[Source records]
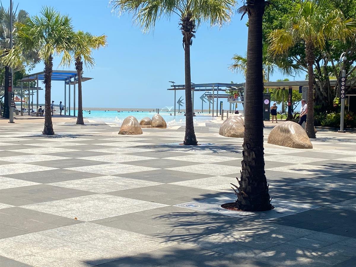 Lagoon entry, positioned alongside popular eateries and the Mantra accommodation Complex.
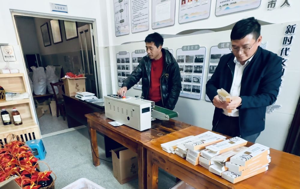 2023年12月7日,張凱(右)為村里生產的農產品進行包裝。新華社記者 許舜達 攝
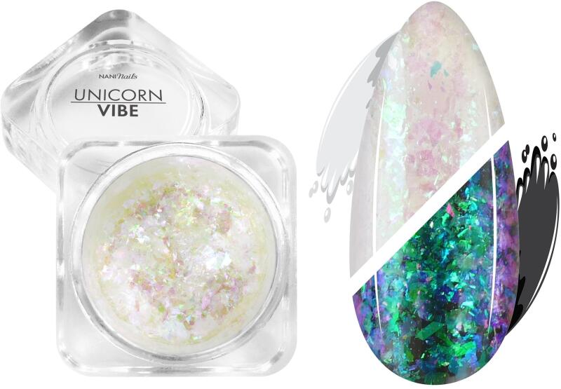 Az egyszarvús pelyhek a Unicorn Vibe kollekció jegyében tökéletes ragyogást adnak a manikűrödnek. Fehér, fekete és színes alapra egyaránt használhatók, és minden szögből más árnyalatot mutatnak. Imádni fogod! Praktikus, 3 x 3 cm méretű tégelyben. 0,2 g pigmentpor/kiszerelés. Használat: 1. A szokásos módon készítsd elő a körmöt – zsírtalanítsd, használj Primert,
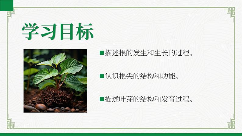 北师大版(2024)七年级上册第2节 营养器官的生长试讲课教学课件ppt: 这是一份北师大版(2024)七年级上册<a href="/sw/tb_c4049159_t3/?tag_id=26" target="_blank">第2节 营养器官的生长试讲课教学课件ppt</a>,共29页。PPT课件主要包含了营养器官,学习目标,种子都有种皮和胚,直根系,须根系,主要由不定根组成,2须根系,不定根,1直根系,根分布的特性等内容,欢迎下载使用。
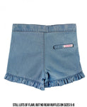 These shorts are sure to be another staple in your little girl's warm weather wardrobe. As versatile and easy as regular denim shorts, but with extra special bow details, these shorts are sure to keep her smiling!
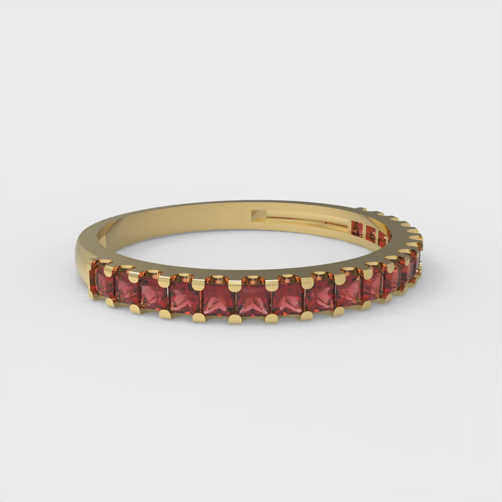 0.285 cttw Natural Garnet Princess Cut Yellow Gold Eternity Wedding Band
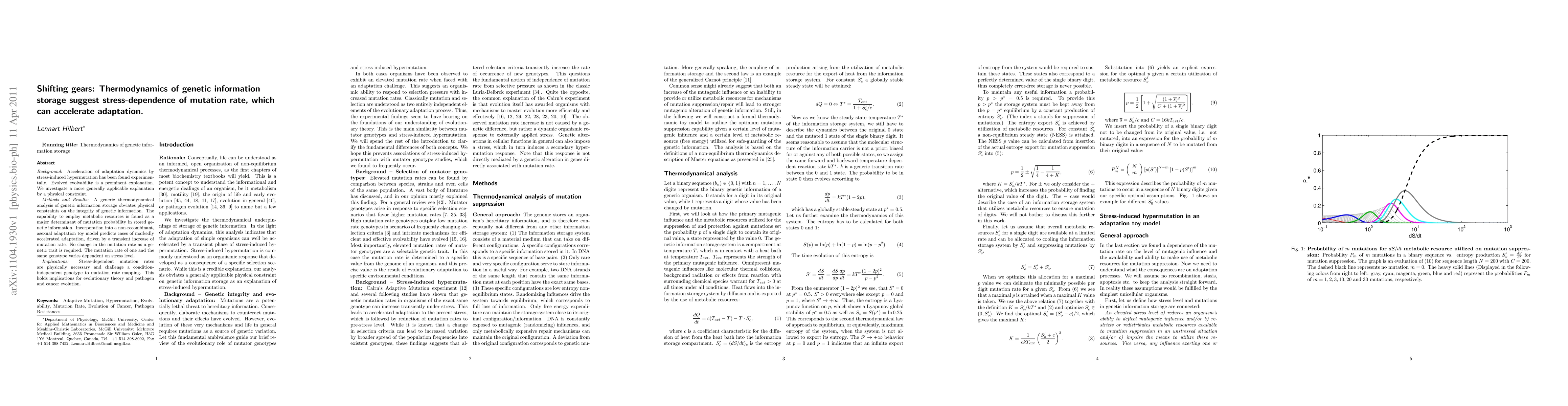 Background: Acceleration of adaptation dynamics by stress-induced hypermutation has been found experimentally. Evolved evolvability is a prominent explanation. We investigate a more generally applicable explanation by a physical constraint. Methods and Results: A generic thermodynamical analysis of genetic information storage obviates physical constraints on the integrity of genetic information. The capability to employ metabolic resources is found as a major determinant of mutation probability in stored genetic information. Incorporation into a non-recombinant, asexual adaptation toy model predicts cases of markedly accelerated adaptation, driven by a transient increase of mutation rate. No change in the mutation rate as a genetic trait is required. The mutation rate of one and the same genotype varies dependent on stress level. Implications: Stress-dependent mutation rates are physically necessary and challenge a condition-independent genotype to mutation rate mapping. This holds implications for evolutionary theory and pathogen and cancer evolution.
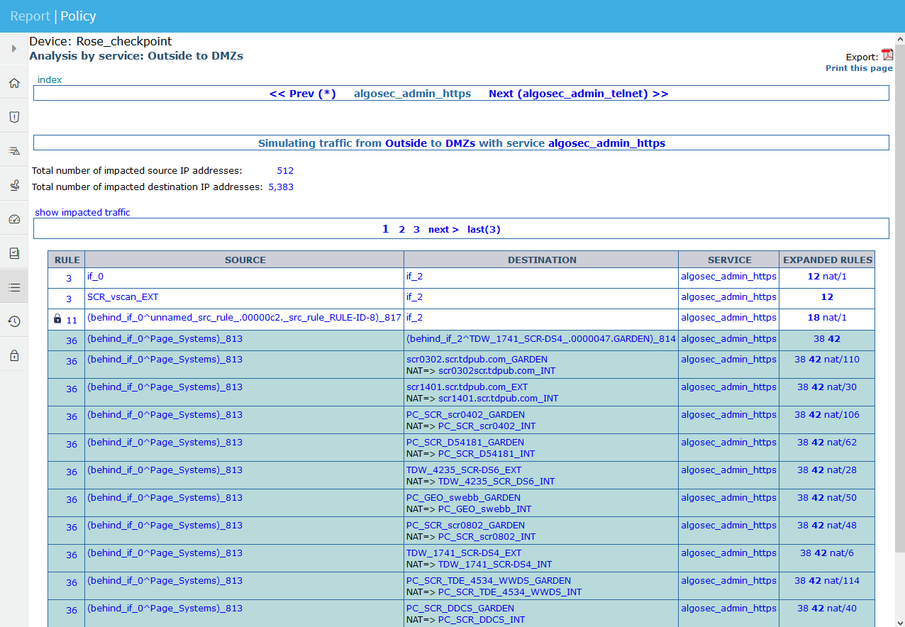 When you click on a link in the Rules Cleanup area all of the relevant rules appear. The columns which appear for each rule are specific to each device brand. If AppViz is licensed, fields from AppViz appear, indicating business information such as which rules are included as flows in which applications.
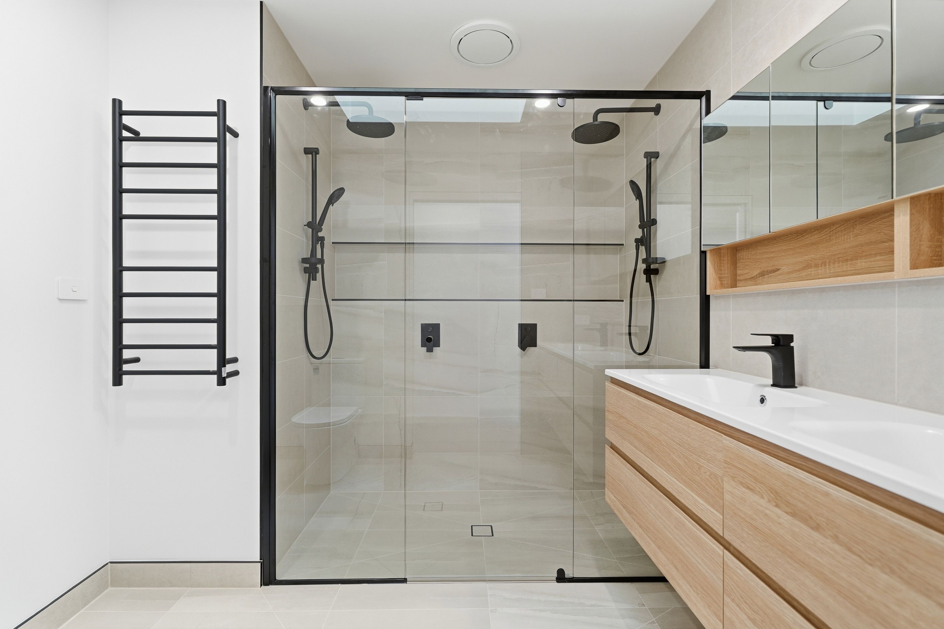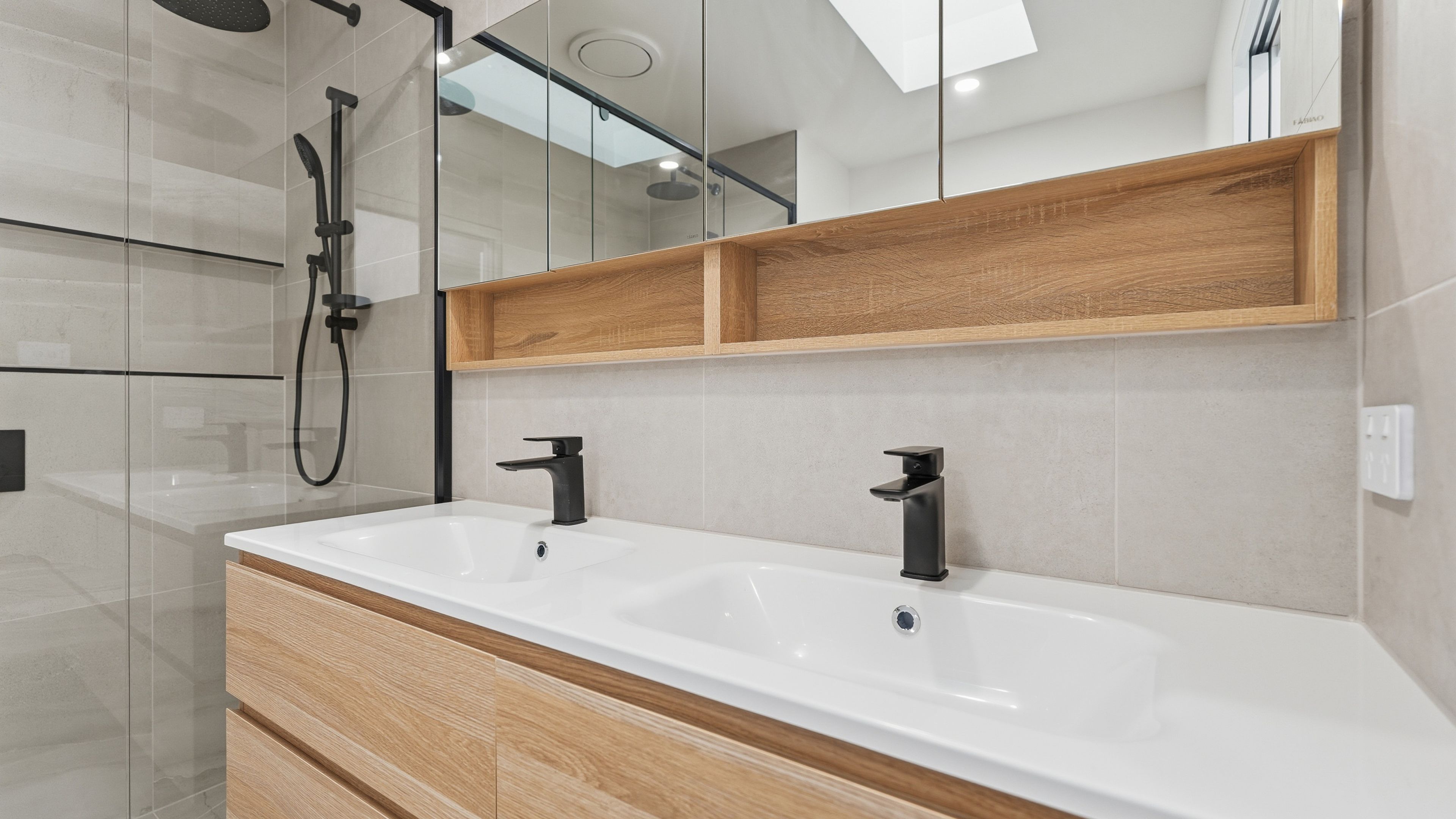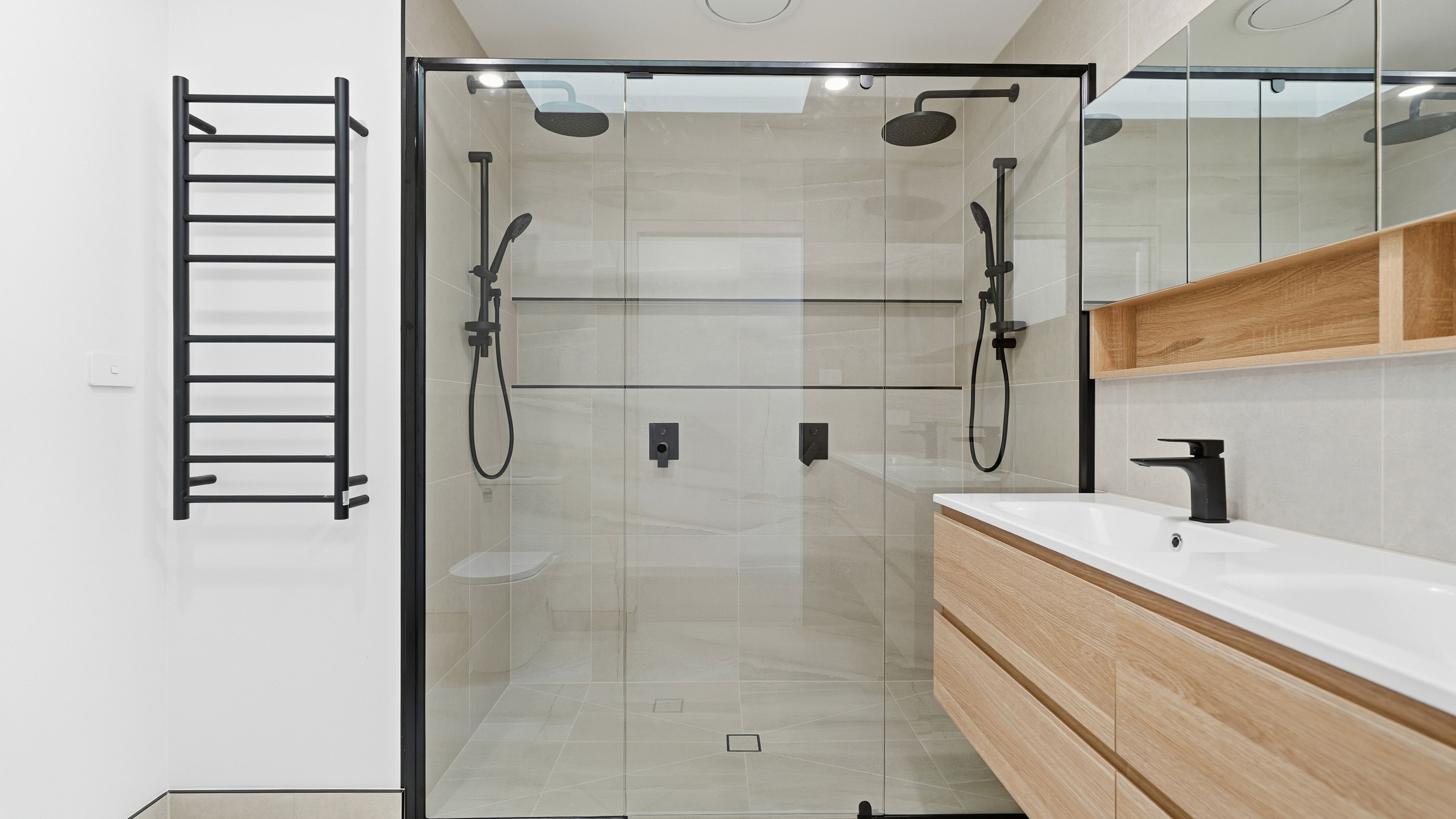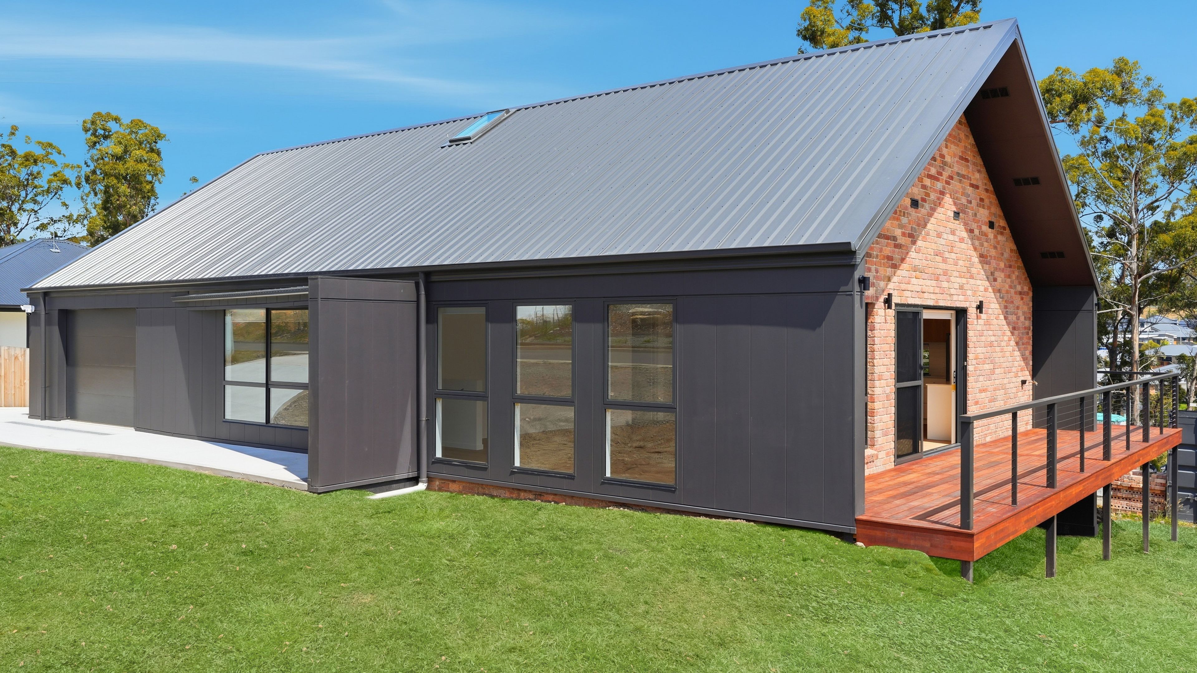 The home’s barn-style form delivers immediate street appeal, elevated through carefully selected materials and refined finishes. A combination of convict-style brickwork and Monument axon cladding creates depth, contrast and texture, resulting in a façade that feels both grounded and modern.
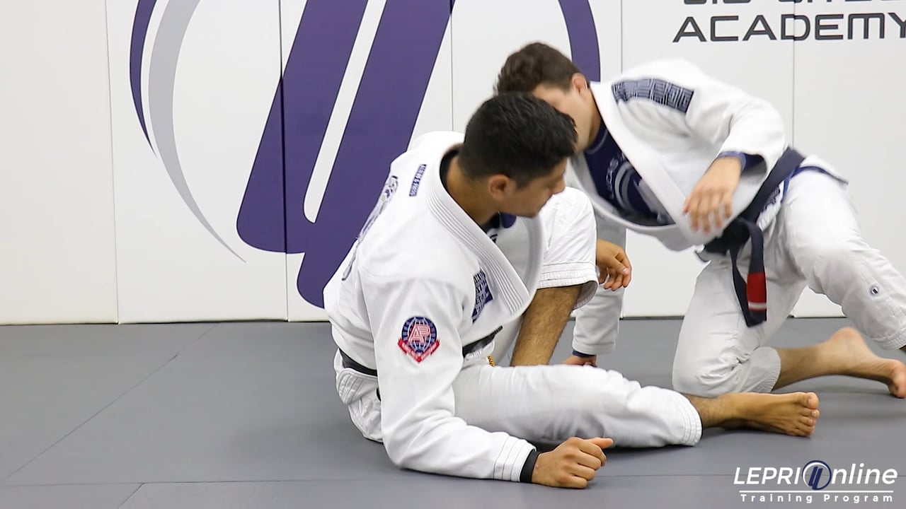 Professor Andre Gois teaches how to sweep the opponent using the single leg x guard. Andre starts with his shin against the opponent’s and then transitions to the single x guard. He places his outside hook inside and pushes the opponent away to make him post on the mat. As the opponent tries to come back, Andre moves his other foot down to trap the ankle. He now pushes the opponent away with his hook as he blocks the ankle with his foot. The opponent is swept and Andre comes up. From here, he can work on passing the opponent’s guard.
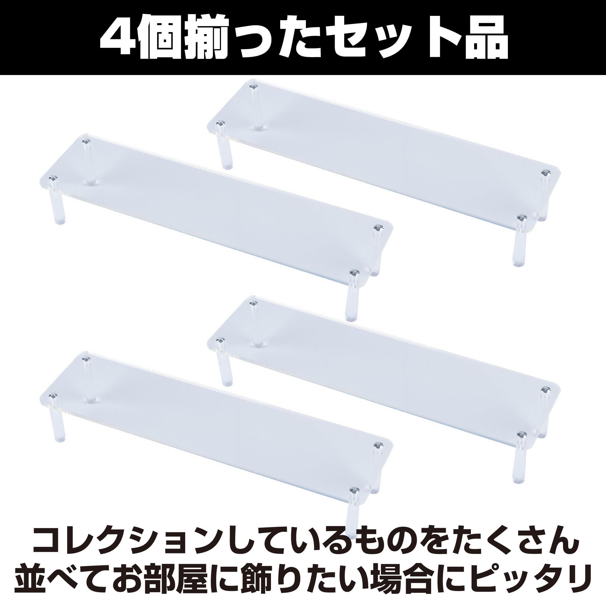 コレクションしているものがたくさんある場合におすすめ:1段タイプのアクリルディスプレイスタンドが4個揃ったセット品ですので、コレクションしているものをたくさん並べてお部屋に飾りたい場合にピッタリです。
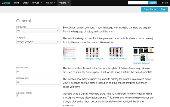 VideoDB is a PHP-based web application to manage a personal video collection. Multiple video types are supported, ranging from VHS tapes and DVDs to Blu-ray discs and DivX files on hard-disc. Even video games are supported.
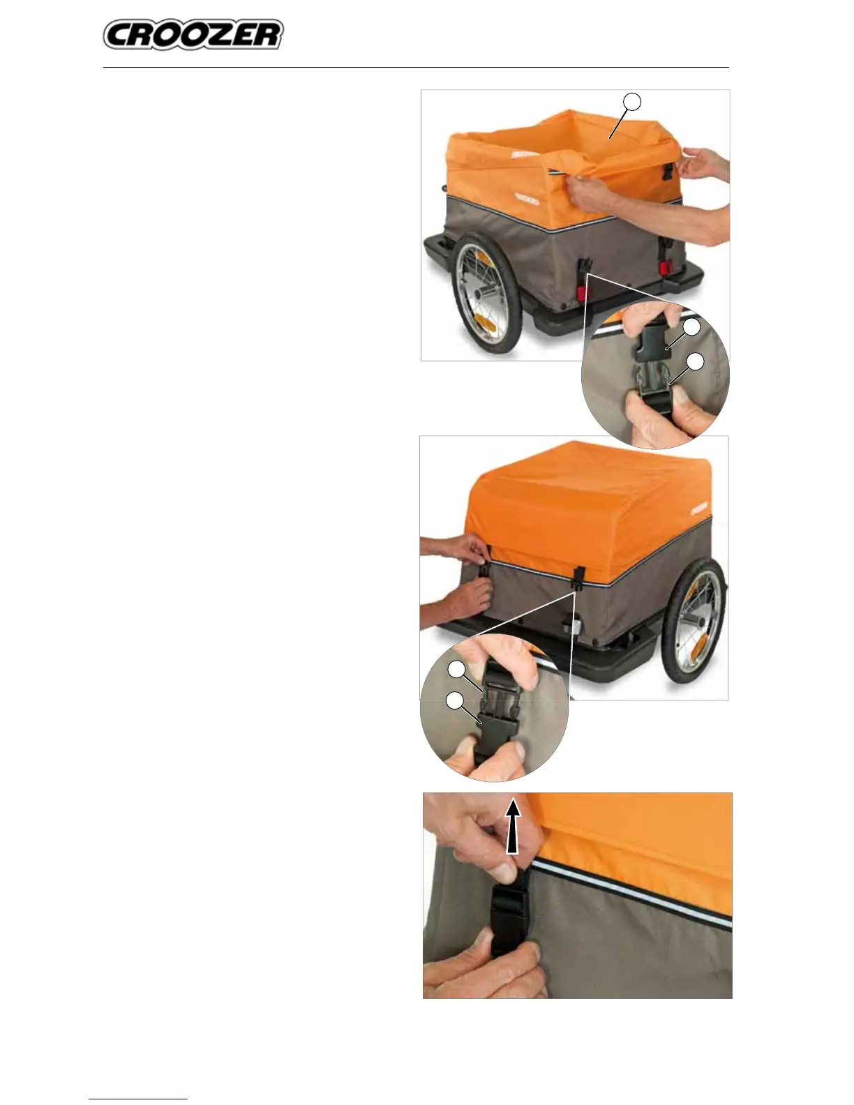 1. Pull the cover (1) over the frame. The cover must be posi-
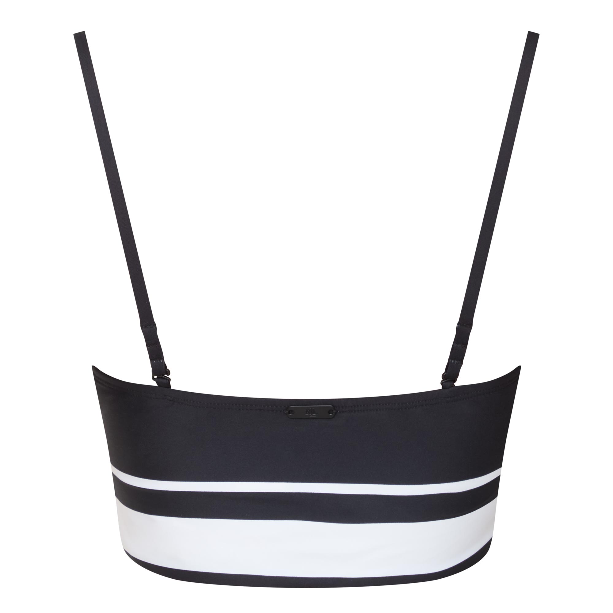 - Square neckline, fine detachable and adjustable straps, rear logo plaque, contrast stripe detailing, two-tone finish
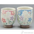 温かみのある粉引の素地に描かれた色とり、どりの野辺の花。その中で草を踏み分け遊ぶ兎の姿が愛らしい湯呑です。
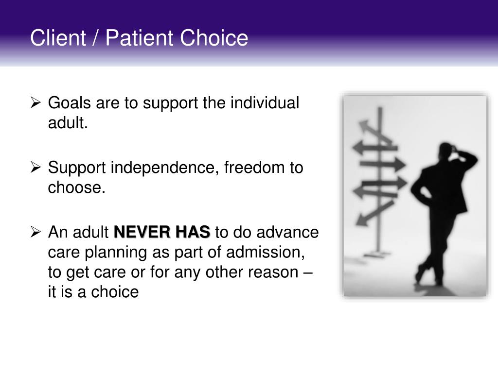 Client / Patient Choice Goals are to support the individual adult. Support independence, freedom to choose. An adult NEVER HAS to do advance care planning as part of admission, to get care or for any other reason – it is a choice

▸ ASSIGNED TASK
The required output is the lines from the one containing "- Square neckline, fine" through the end of the data, printed exactly, with no pictures.

▸ TASK ANSWER
 - Square neckline, fine detachable and adjustable straps, rear logo plaque, contrast stripe detailing, two-tone finish
 温かみのある粉引の素地に描かれた色とり、どりの野辺の花。その中で草を踏み分け遊ぶ兎の姿が愛らしい湯呑です。
 Client / Patient Choice Goals are to support the individual adult. Support independence, freedom to choose. An adult NEVER HAS to do advance care planning as part of admission, to get care or for any other reason – it is a choice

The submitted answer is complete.